Former Georgetown coach John Thompson passed away on Sunday at his home in Arlington, Virginia, multiple news outlets reported. He was 78.
Thompson played at Providence College and appeared in two NBA seasons. He took over as coach of the Hoyas in the 1972 season, and transformed the program into a national power, winning the 1984 NCAA Championship. He would coach Georgetown until 1999, finishing with a record of 596–239 (.714).
Thompson was the first black head coach to win a major collegiate championship, and coached a variety of future NBA stars, including Patrick Ewing, Alonzo Mourning, Dikembe Mutombo and Allen Iverson. He was part of the development of the Big East into one of college basketball’s elite conferences, developing numerous rivalries along the way, including with Syracuse.
He is famed for stating that “Manley Field house is officially closed” after snapping Syracuse’s 57-game winning streak in the final game played at that arena. Following the news of his passing, numerous tributes poured in, including from Syracuse head coach Jim Boeheim.

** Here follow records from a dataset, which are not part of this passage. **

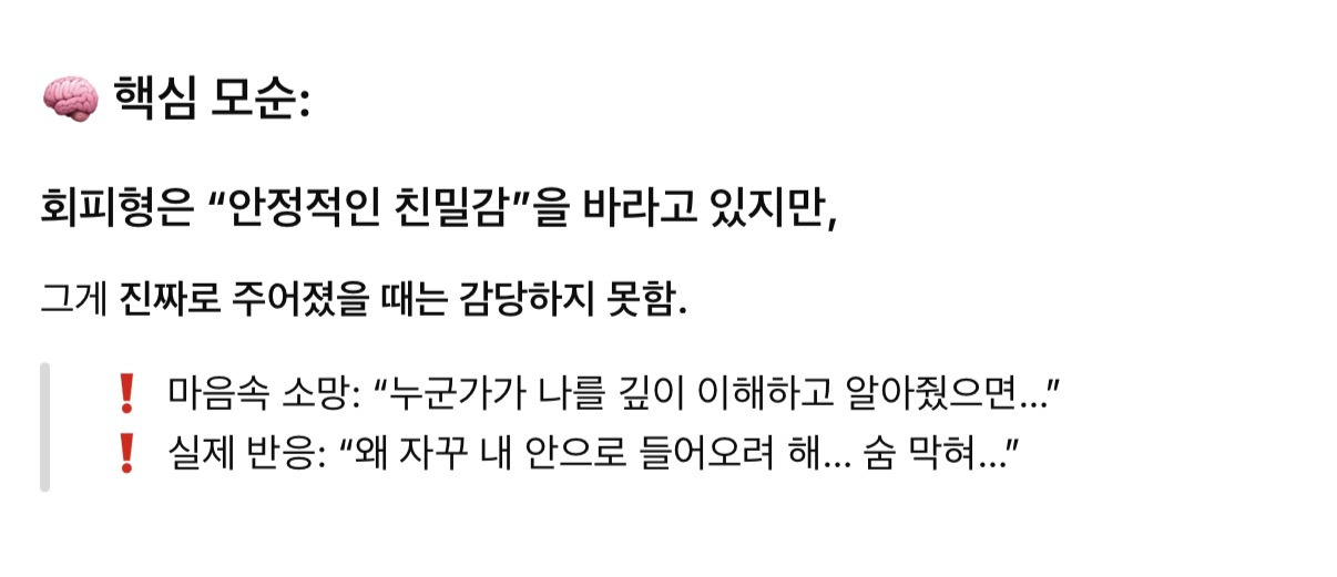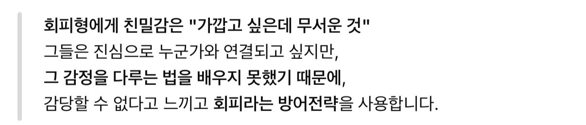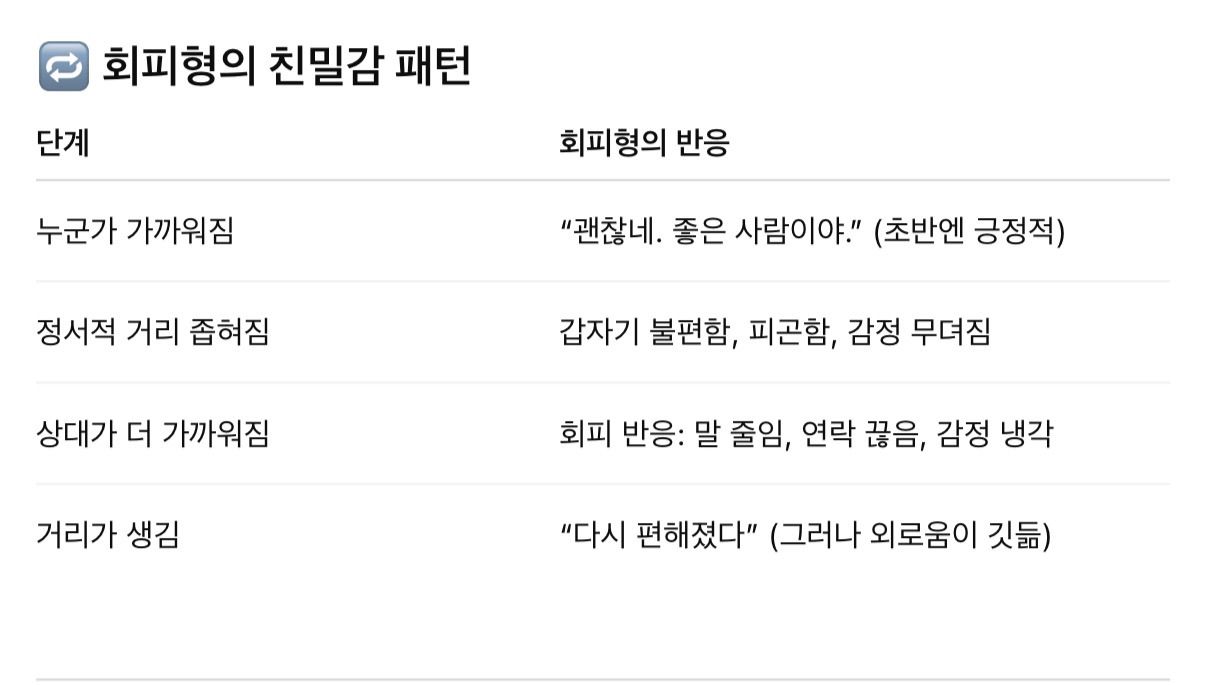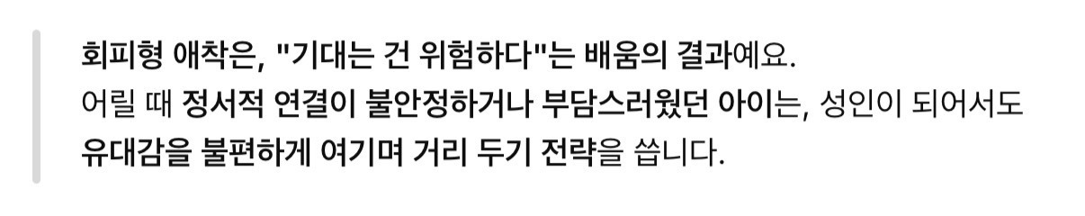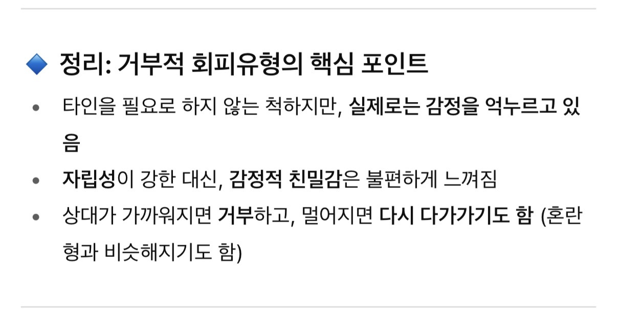 실제로 친구, 애인한테 갑작스럽게 거리감이 느껴지거나 잠수를 탄다거나, 일방적인 손절을 당했다면 그 사람은 ‘거부적 회피유형’일 확률이 매우 높음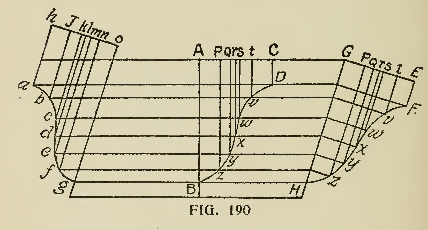 To get the contour or outline for a raking mould ing, proceed as shown in Fig. 190. The horizontal moulding is divided into any number of parts, equal or unequal, as shown at abcdefg. The line AC shows the rake or inclination. Draw lines parallel with AC, from a to D, b to v, etc. Drop a line AB, perpendicular to AC, at any convenient point on the rake, make the distance AC equal to ho ; then drop the lines pgrst, and where these lines cut the lines abcdefg, these points of contact will be in the curve line of the rake moulding, as at Dvwxyz. From these points trace the curve, which will be the proper shape for the moulding.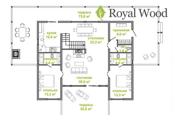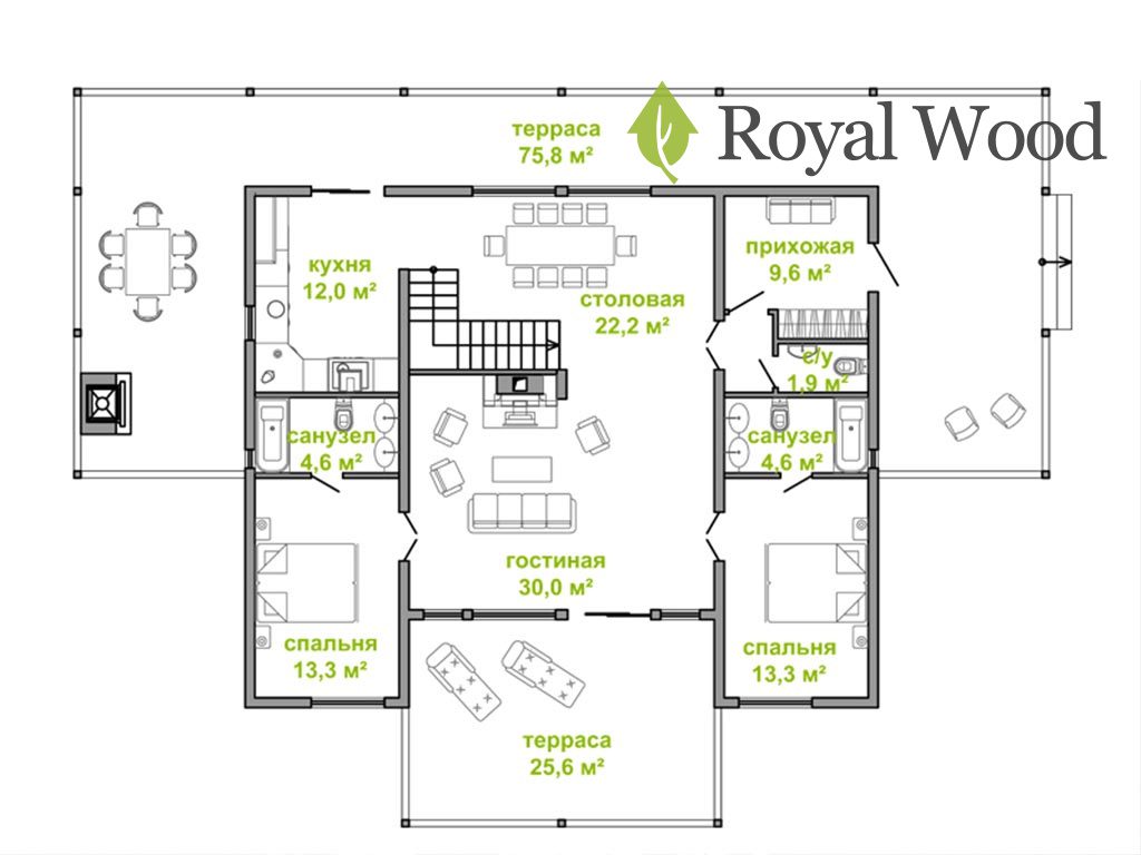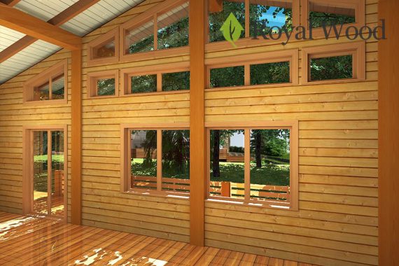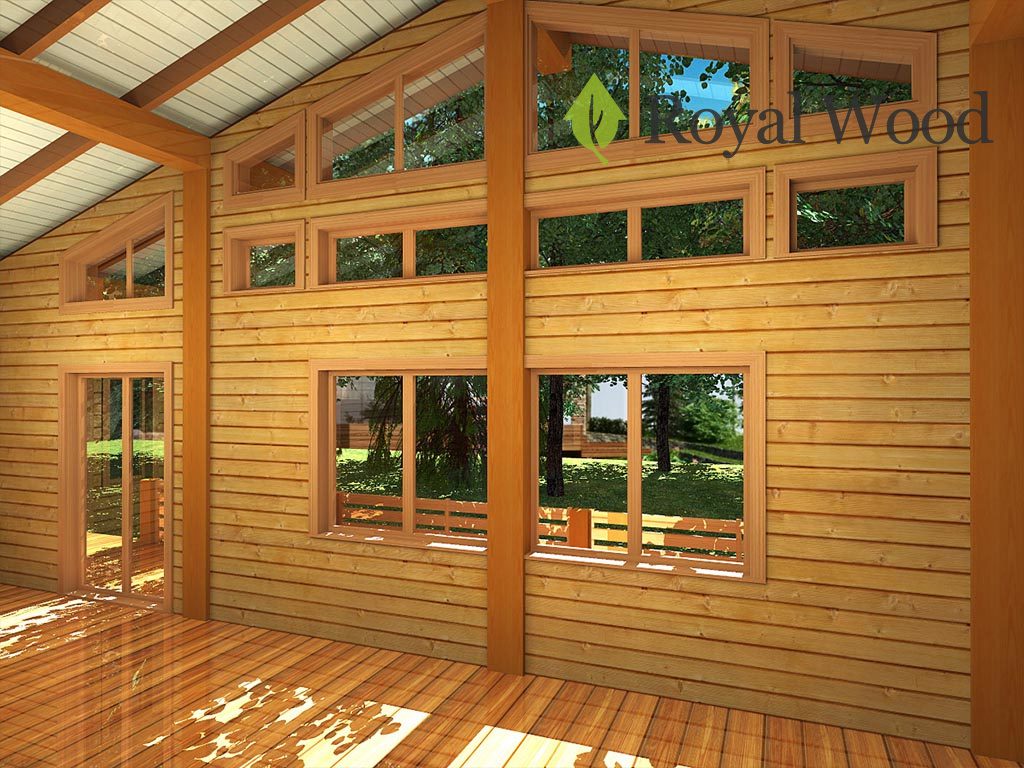 Архитекторы компании «Royal Wood» сразу предложили супругам строительство дома по безусадочной канадской технологии post and beam или timber frame. Разница между технологиями состоит лишь в том, какой тип бруса используется. Для каркаса post and beam используется круглый кедр диаметром от 36 до 50 см, для timber frame — брус сечением 30х30 или 35х35 см.
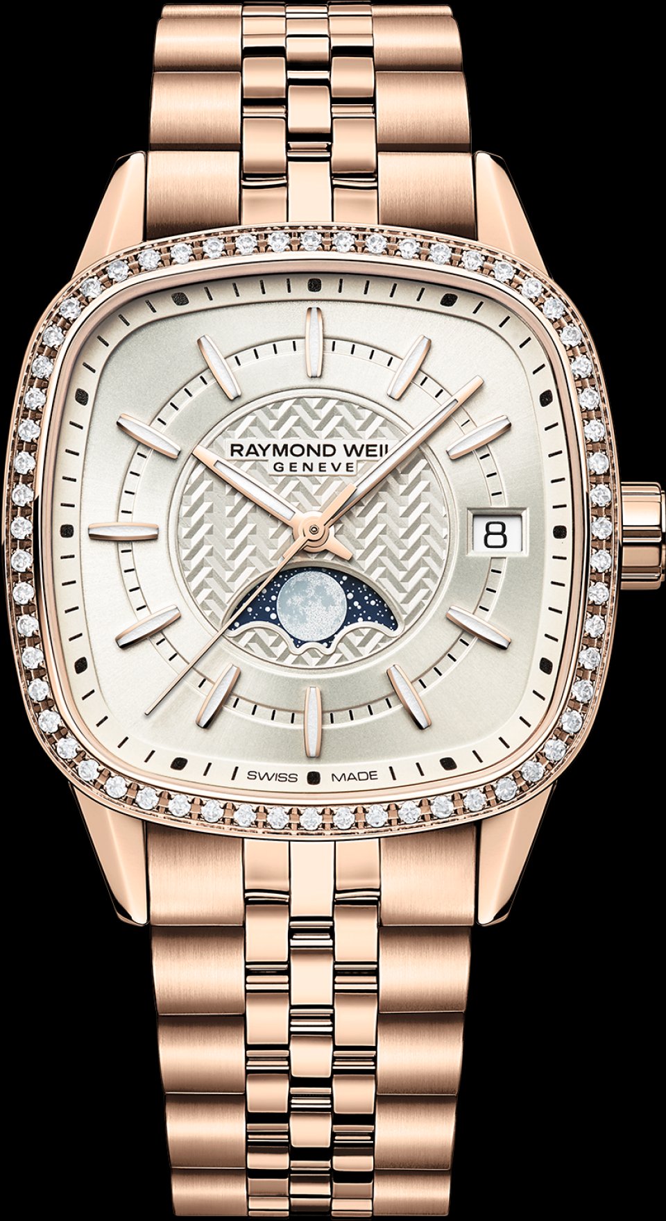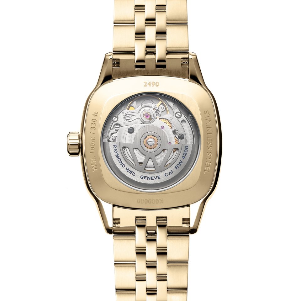 ゴールドPVDのステンレススティールブレスレットもしくはベージュのカーフレザーストラップを装備。ステンレススティールブレスレットは、ケース同様に2種類の仕上げを使い分けたドレッシーな5連仕様で、細かいコマが手首の形状に沿うことで快適な装着感を提供します。カーフレザーストラップは、レイモンド ウェイルのイニシャルを象ったW字型のステッチが個性的で、ゴールドケースとマッチして柔らかい雰囲気をまといます。
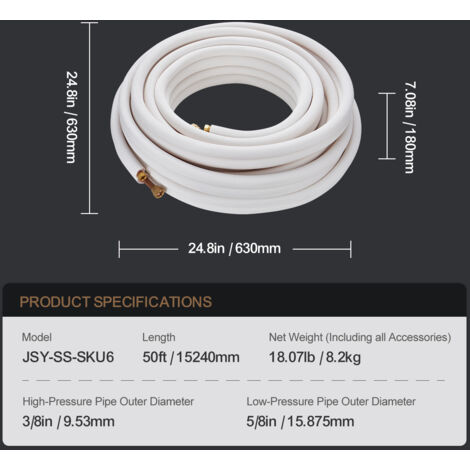 150 MM ABDOS Connecteur De Climatisation Ca Tube Remplacement D'évent... 【Artisanat raffiné】: L' mini-lignes divisées pour climatisation est fabriqué manière professionnelle pour garantir des performances et une longévité optimales dans diverses conditions environnementales 【Haute performance】: Conçu pour offrir des performances d'isolation élevées, le tuyau est résistant à l'usure, à la chaleur, au gel, aux dégâts des eaux et est étanche, difficile à casser tout en fonctionnant efficacement à hautes et basses températures Accessoire étanche Hautes Températures 150 MM ABDOS Connecteur De Climatisation Ca Tube Remplacement D'évent Tuyau Cuivre épaissi Avec Connecteur 【Cuivre épaissi】: Fabriqué à partir cuivre épaissi première qualité, le tuyau offre durabilité et fiabilité pour une utilisation à long terme Lot de 2 rallonges de tuyau en cuivre de climatisation - 1/2... 【Kit 】: Ce package comprend une ligne avec connecteur qui assure une installation transparente Ensemble de mini-conduites divisées pour climatisation, 3,28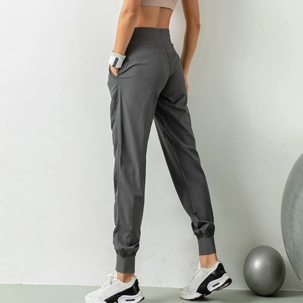 Ropa deportiva Pantalones para correr arrugados Pantalones largos cónicos de yoga Pantalones elásticos de cintura alta Fitness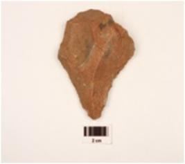| Description / विवरण | Scraper made on end struck chert flake, regular retoches along cutting edges, cortex present on surface, prepared platform, trapezodial in section, flake scars on dorsal surface. |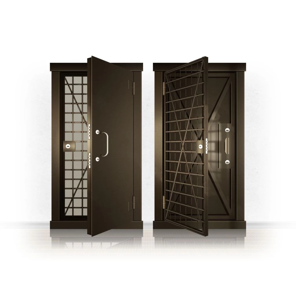 Металлические двери КХО и КХН представляют собой входные блоки, обладающие высоким уровнем взломостойкости и состоят из трех основных элементов: усиленного каркаса, сплошного металлического полотна и решетчатой двери. Дверной блок изготавливается из стального уголка 100*100 мм. Места крепления блока к стене цементируются и закрываются стальными наличниками шириной 40 мм. Крепеж заходит вглубь стены на 80 мм. В конструкции внешней створки монтируются ребра жесткости, для обшивки используется сталь толщиной не менее 3 мм. Внутренняя решетка изготавливается из прутка диаметром 16 мм. Размер ячеек решетки должен составлять не более 15 на 15 см. В точках пересечения прутья надежно приваривают друг к другу. В КХО и КХН необходимо поддерживать определенную температуру и влажность. Для этого внутреннее пространство глухой двери заполняется теплоизоляционным материалом, а по периметру двери приклеивается уплотнитель. Такие двери оборудуются замками с повышенным уровнем взломостойкости. Специализированные двери КХО и КХН в Электрогорске могут быть оснащены сигнализацией, в конструкции могут быть проушины для навесного замка и элементами для опечатывания. Если идет речь о двери в комнату хранения оружия, в створке оборудуется окно для выдачи оружия и спец. средств, которое накрывается стальной дверцей.
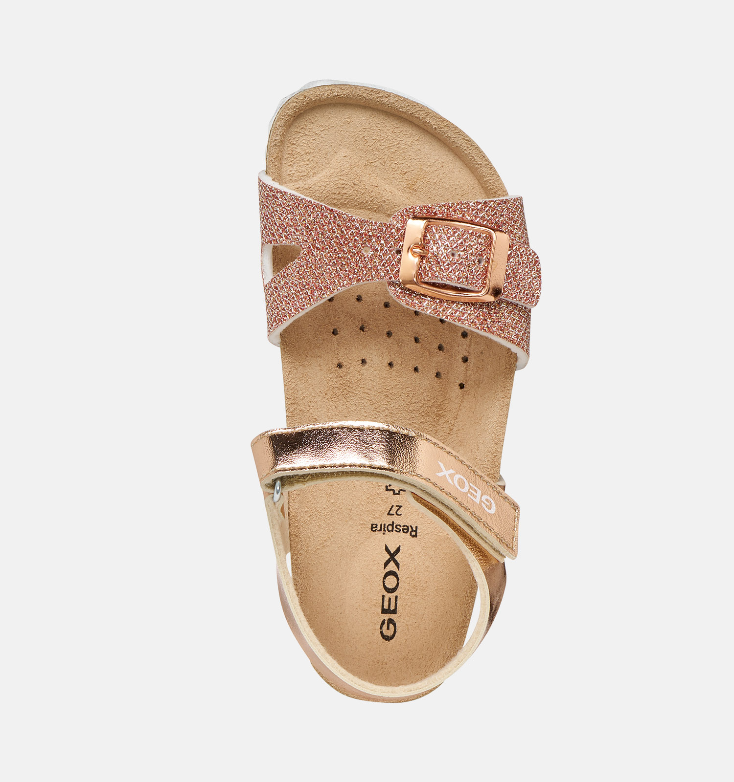 Deze coole sandalen voor meisjes zien er niet alleen keileuk uit, ze hebben ook nog eens een hoog comfortlevel! Deze rose golden meisjessandalen hebben de gepatenteerde Geox-zolen, waardoor zweet wordt afgevoerd via microgaatjes in de buitenzolen. Zo blijven kindervoeten de hele dag lang droog, zelfs tijdens het rennen, klimmen, spelen en springen! Door het comfort van deze ademende kindersandalen voor meisjes is geen avontuur te gek meer. Je zal voelen dat de hiel van deze Geox sandalen licht verstevigd is. Dat houdt de voeten waar ze horen, en vermindert de kans op het omslagen van de voeten.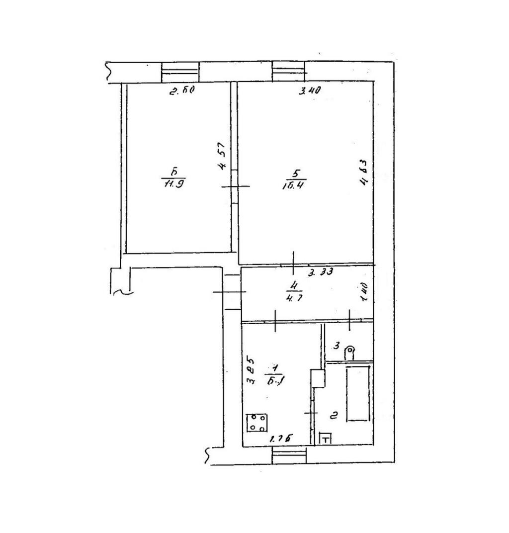- Две комнаты 16.4 + 11.9 м2, кухня 6.1 м2, раздельный санузел.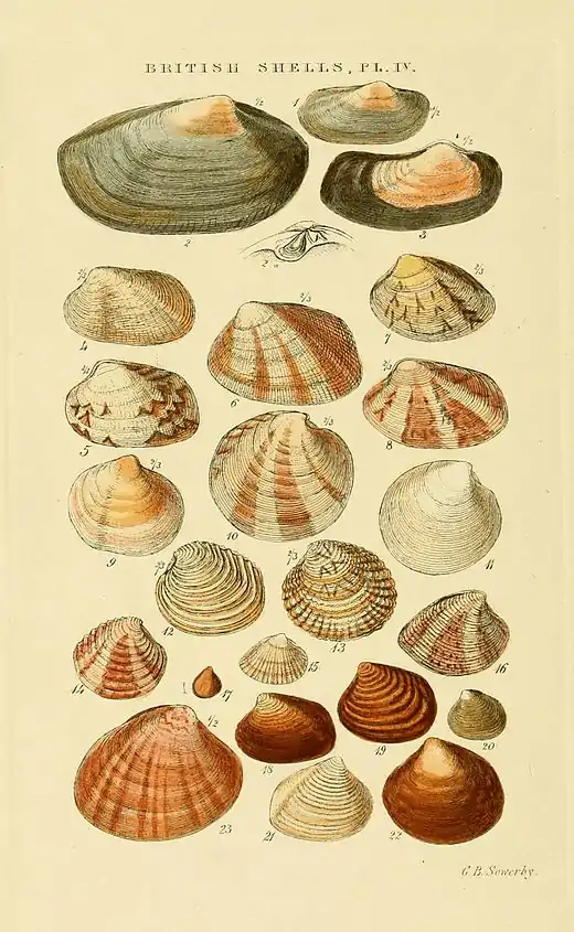 Fig. 1-3 also represent genera of Cyprinidæ. They have no bend in the palleal impression. Cardium, or "Cockle," 4-13, presents a peculiarity in the foot, which is large and bent, and enables the animal to leap in a very lively manner. The family of Lucinidæ occupy the remaining figures. Lucina has a curious tongue-shaped doubling of the pallial impression.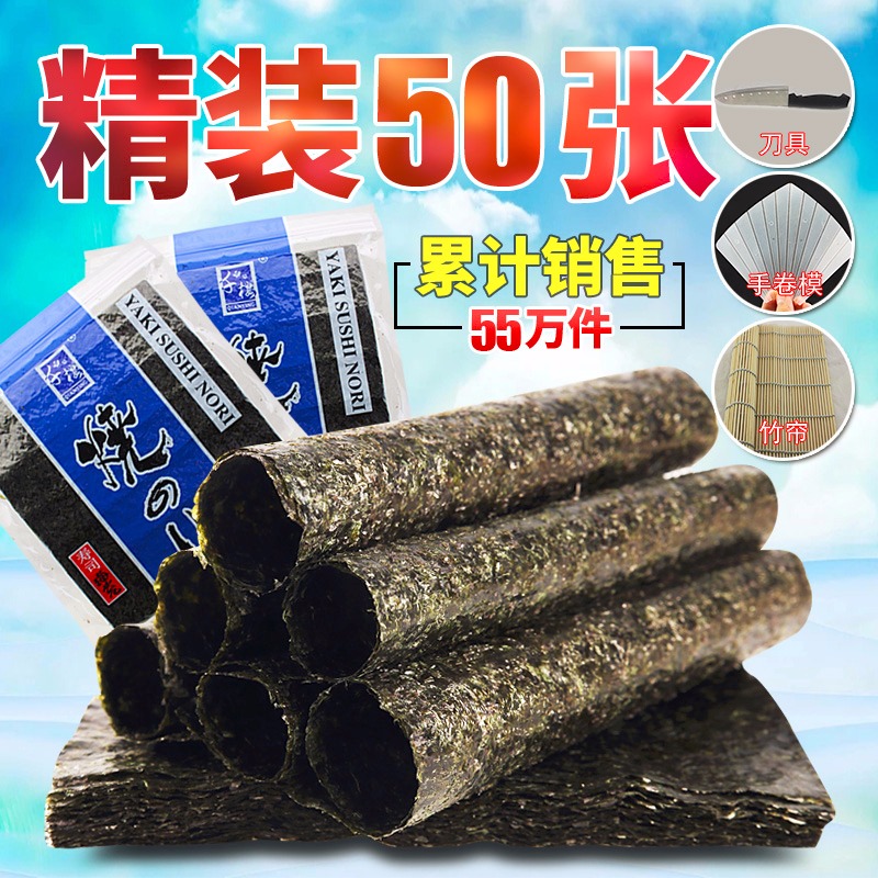 Make sushi nori 50 pieces of seaweed wrapped rice special ingredients and tools set full set of rolled bamboo curtain large pieces

“We lost a great basketball coach and a great person with the passing of my friend John Thompson. He was a leader in the game and in life. John empowered all coaches but especially Black coaches and Black players,” Boeheim said. “Syracuse and Georgetown was the toughest rivalry for about 10-15 years during the early BIG EAST days. There was nothing quite like it. Many of my fondest coaching memories are from Georgetown games, coaching against John – in the Dome, at Georgetown and at MSG.”
“Juli and I want to express our condolences to John’s family and the Georgetown basketball community. John was one of a kind.”
A near literal giant at 6’10”, John Thompson cast an even longer shadow over the game of basketball. The head coach at Georgetown for 27 seasons, Thompson’s first season was his only losing one as he guided the Hoyas to 596 wins, 20 NCAA Tournament appearances, three Final Fours, and the 1984 national championship.
Noteworthy to the Syracuse fan base as an adversary, Thompson was also an advocate for his players, fighting for fair treatment for them. As Jim Boeheim noted in his remarks after Thompson’s passing, the two fierce competitors evolved into friendly contemporaries as the years passed. That is something that was a shock to fans at the time when the duo shared a laugh over a playful shove in a discussion with an official at the Carrier Dome during the mid-1990’s.
No matter how much Syracuse fans disliked Thompson during his coaching days, it is undeniable the mark he left on the Orange basketball program. No, not the rivalry sparked by a postgame comment, but the way Thompson drove Boeheim to win, subsequently driving SU’s program to even greater heights.